How does cashflow forecast help a business?
If you are serious about managing your cashflow effectively, getting and maintaining a cashflow forecast is a great place to start. A cashflow forecast (or cashflow budget) can be used to help you visualise all possible expenses your business might incur over a given period of time, and how much it could expect to recoup in terms of payments from clients.
A cashflow forecast can be created on a monthly, quarterly or annual basis. If your business is relatively large, you might want to get help from an accountant. However you choose to put one together, a forecast is likely to be an important tool to stop you getting into cashflow difficulties.
How to manage your business cashflow
Now you know how important keeping tabs on cashflow can be, you might want to think about how best to manage it.
Here are some things to keep in mind:
- Keep your books accurate and up to date – Good book keeping is key to any successful business. If you know what money is coming into your business and what expenses you are going to incur, you will have a much greater chance of staying on the right side of cashflow problems.
- Don’t be too lenient with your customers – There is a tough balance to strike when it comes to chasing payments from customers. You don’t want to be overzealous and scare off someone who might be a reliable, regular customer. But at the same time, if you are waiting too long to get paid, you could end up in trouble and even, in a worst case scenario, go out of business.

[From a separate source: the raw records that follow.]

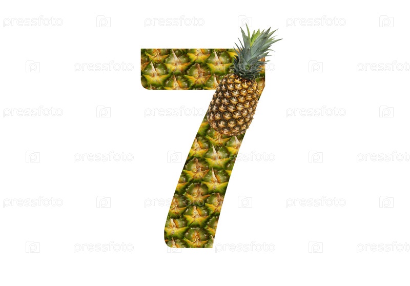 Номер 7 семь из ананаса на белом фоне. Тропический фрукт ананас диета летняя еда
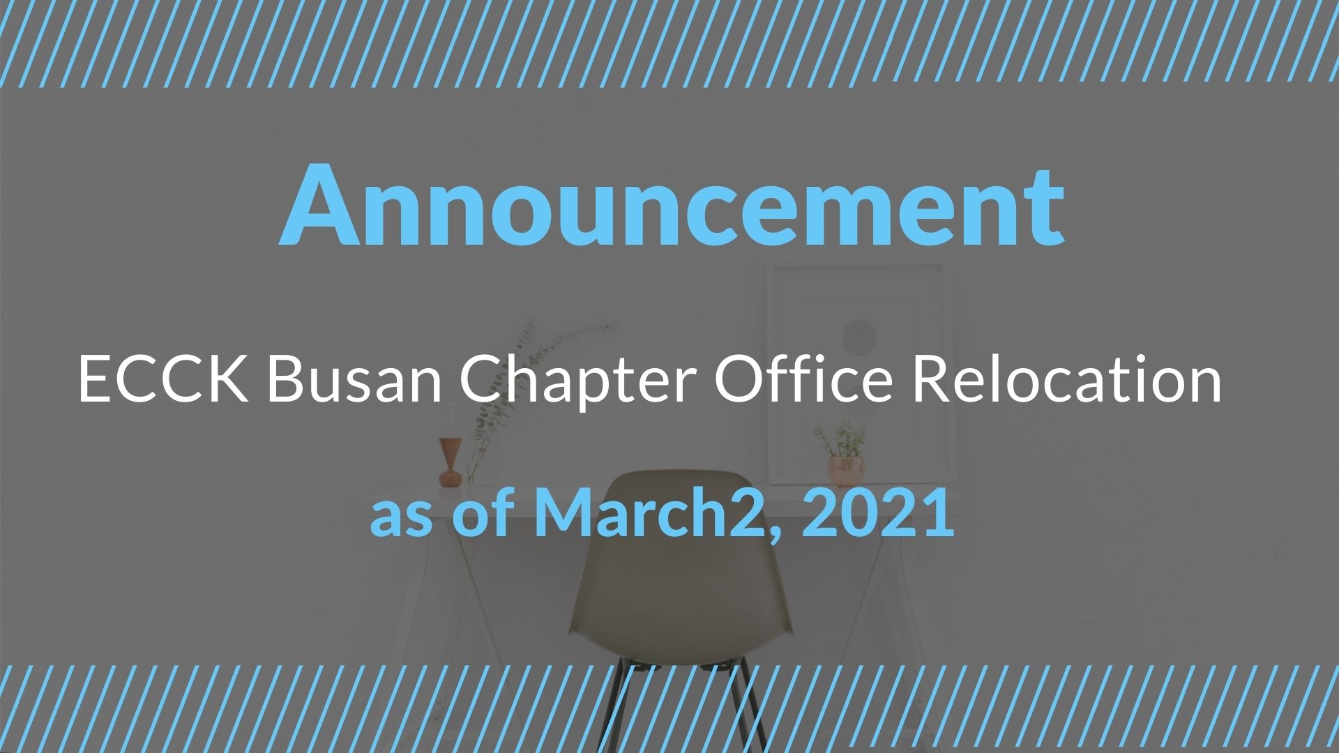 We are delighted to announce that effective from Tuesday, March 2, the ECCK Busan Chapter will be relocated to new premises. The new address is as follows: E8, #806, 30 Centumseo-ro, Haeundae-gu, Busan (48058) *The telephone number and email addresses will remain unchanged.
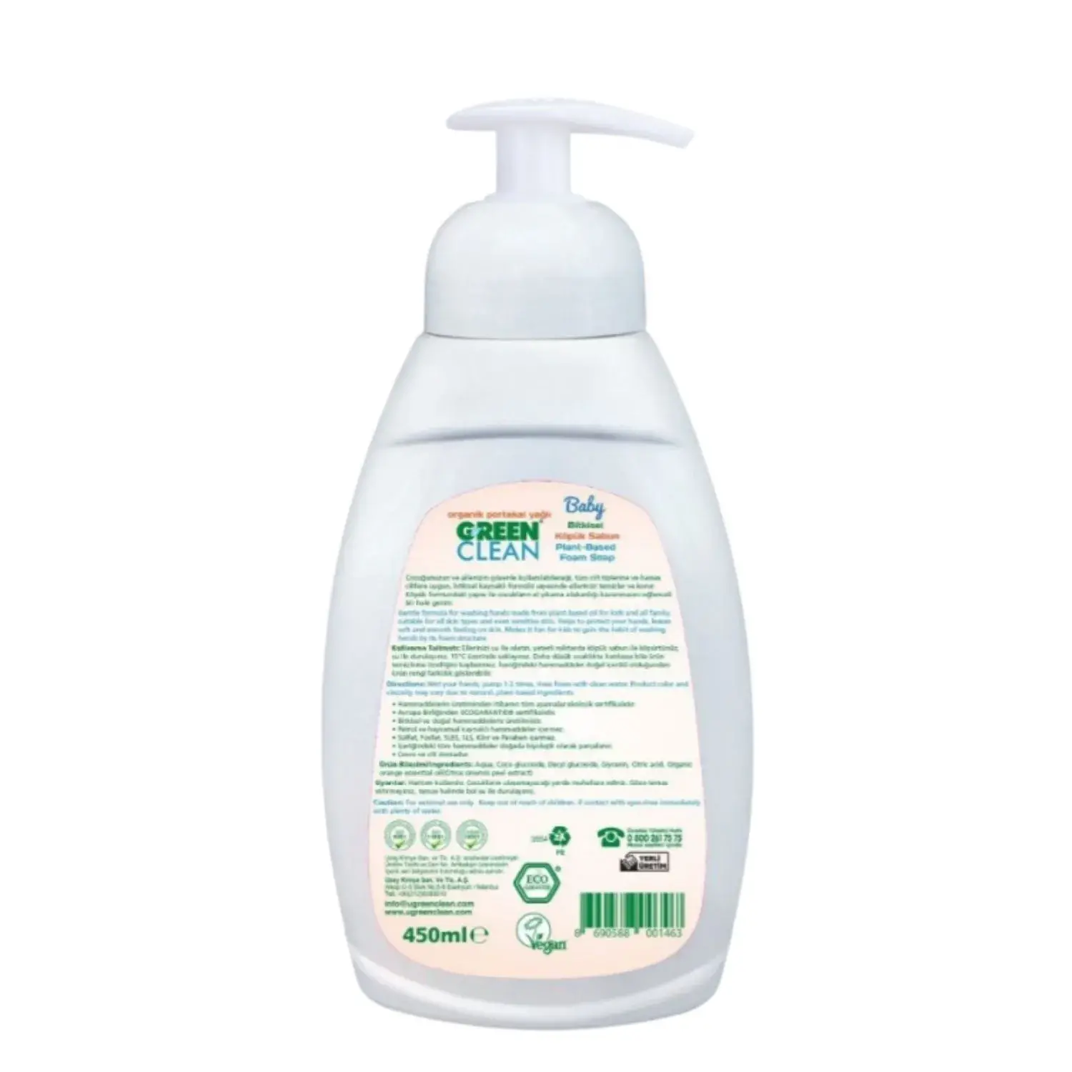 U Green Clean Baby Organik Portakal Yağlı Köpük Sabun 450 ml , tüm cilt tiplerinde güvenle kullanılır. Bebek ve hassas ciltlere de uygundur. Ellerinizi korur. Organik portakal kokusu sayesinde hoş bir koku bırakır.

- Keep your accounting simple – This is particularly good advice for a new business. If you need to, hire a professional accountant to help. It’s better to spend the money on an expert than to get into trouble because you are unable to stay on top of things.
- Keep your business and your personal finances separate – A mistake many small businesses make when starting out is to mix personal and business expenses. However, unless you keep these separate you may not know how much revenue your business is truly generating, and cashflow issues could sneak up on you very easily.
- Build a cash reserve – Building up a good cash reserve is perhaps the best thing you can do to shield your business from cashflow worries. With a strong cash position, you can both protect yourself from unexpected expenses like a large tax bill and take advantage of new opportunities that require a large initial outlay – for example, a big order from a new customer.